Discussion Forum : Soil Mechanics and Foundation Engineering - Section 2 (Q.No. 15)
Soil Mechanics and Foundation Engineering
15.
260 g of wet soil was taken in a pycnometer jar of weight 400 g in order to find the moisture content in the soil, with specific gravity of soil particles 2.75. The weight of soil and remaining water filled in pycnometer without air bubbles was 1415 g and the weight of pycnometer filled with water alone was 1275 g. The moisture content in the soil is
24.2%
18.2%
53.8%
none of these.
Answer: Option
Explanation:
No answer description is available. Let's discuss.
Discussion:
7 comments Page 1 of 1.
Guru said:   5 years ago
Thanks @Abhay.
Shashank Agnihotri said:   6 years ago
Good explanation @Abhay.
Abhay said:   9 years ago
WATER CONTENT = ([{(W2 - W1)/(W3 - W4)}{(G-1)/G]-1)*100.

Where,

W1 = wt. of empty Pycnometer = 400 g.

W2 = wt. of the Pycnometer with wet soil = 260 + 400 = 660.
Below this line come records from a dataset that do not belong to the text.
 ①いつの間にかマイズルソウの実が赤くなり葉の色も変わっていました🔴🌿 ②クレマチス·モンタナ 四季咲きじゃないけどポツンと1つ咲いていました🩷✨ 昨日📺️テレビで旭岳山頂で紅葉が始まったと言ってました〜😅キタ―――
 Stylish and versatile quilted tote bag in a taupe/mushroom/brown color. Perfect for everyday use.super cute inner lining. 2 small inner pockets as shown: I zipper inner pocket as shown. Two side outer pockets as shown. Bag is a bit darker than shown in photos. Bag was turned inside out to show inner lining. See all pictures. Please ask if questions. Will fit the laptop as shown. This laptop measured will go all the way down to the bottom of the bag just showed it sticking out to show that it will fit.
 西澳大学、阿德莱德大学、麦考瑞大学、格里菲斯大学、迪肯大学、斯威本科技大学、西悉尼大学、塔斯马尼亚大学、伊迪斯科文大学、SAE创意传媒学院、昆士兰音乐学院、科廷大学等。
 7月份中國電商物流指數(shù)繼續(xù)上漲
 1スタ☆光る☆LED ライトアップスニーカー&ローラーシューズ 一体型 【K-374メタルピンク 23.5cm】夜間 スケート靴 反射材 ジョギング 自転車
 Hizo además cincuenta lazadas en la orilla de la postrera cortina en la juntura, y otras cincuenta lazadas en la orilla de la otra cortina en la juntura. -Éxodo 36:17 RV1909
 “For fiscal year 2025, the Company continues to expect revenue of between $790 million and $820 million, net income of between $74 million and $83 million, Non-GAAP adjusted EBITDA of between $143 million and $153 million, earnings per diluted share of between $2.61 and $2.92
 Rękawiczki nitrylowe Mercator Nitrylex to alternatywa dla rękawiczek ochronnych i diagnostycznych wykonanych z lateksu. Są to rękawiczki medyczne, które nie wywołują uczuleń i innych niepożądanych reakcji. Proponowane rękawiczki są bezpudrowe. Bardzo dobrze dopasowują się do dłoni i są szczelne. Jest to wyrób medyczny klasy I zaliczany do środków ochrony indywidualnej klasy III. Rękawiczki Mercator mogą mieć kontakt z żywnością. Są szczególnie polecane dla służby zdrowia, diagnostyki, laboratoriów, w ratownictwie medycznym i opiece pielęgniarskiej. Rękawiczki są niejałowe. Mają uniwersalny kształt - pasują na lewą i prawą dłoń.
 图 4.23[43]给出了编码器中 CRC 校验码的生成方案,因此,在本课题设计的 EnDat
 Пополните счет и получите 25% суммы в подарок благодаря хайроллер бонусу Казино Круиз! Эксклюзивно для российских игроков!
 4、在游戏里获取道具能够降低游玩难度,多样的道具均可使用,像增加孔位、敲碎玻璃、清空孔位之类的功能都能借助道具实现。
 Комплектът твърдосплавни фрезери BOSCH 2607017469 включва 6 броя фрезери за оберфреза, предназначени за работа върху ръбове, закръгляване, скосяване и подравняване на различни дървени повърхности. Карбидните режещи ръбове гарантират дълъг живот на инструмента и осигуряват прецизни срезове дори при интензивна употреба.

W3 = wt. of the Pycnometer and soil, filled with water = 1415.

W4 = wt. of Pycnometer filled with water only = 1275.

G = Specific gravity of solids = 2.75.

Water content = ([(660 - 400)/(1415 - 1275)][(2.75 - 1)/(2.75)] - 1)*100.

= [(260/140)(1.75/2.75) - 1]*100 = 18.18% answer.
(13)
Ravi Kant said:   10 years ago
(Weight of pycnometer jar)-(Weight of wet soil)
Vishal singh said:   1 decade ago
How will 260 come (w2-w1) = 140? Explain please?
Hatem said:   1 decade ago
Gs = {(260/140)*((2.75-1)/2.75 )}-1.

Gs = 1.857*(.636)-1.

Gs = .181 = 18.1%.
(1)
Anji said:   1 decade ago
Can be calculated by below formula.

MOISTURE content = {[(w2-w1)/(w3-w4)][(Gs-1)/Gs]-1}*100.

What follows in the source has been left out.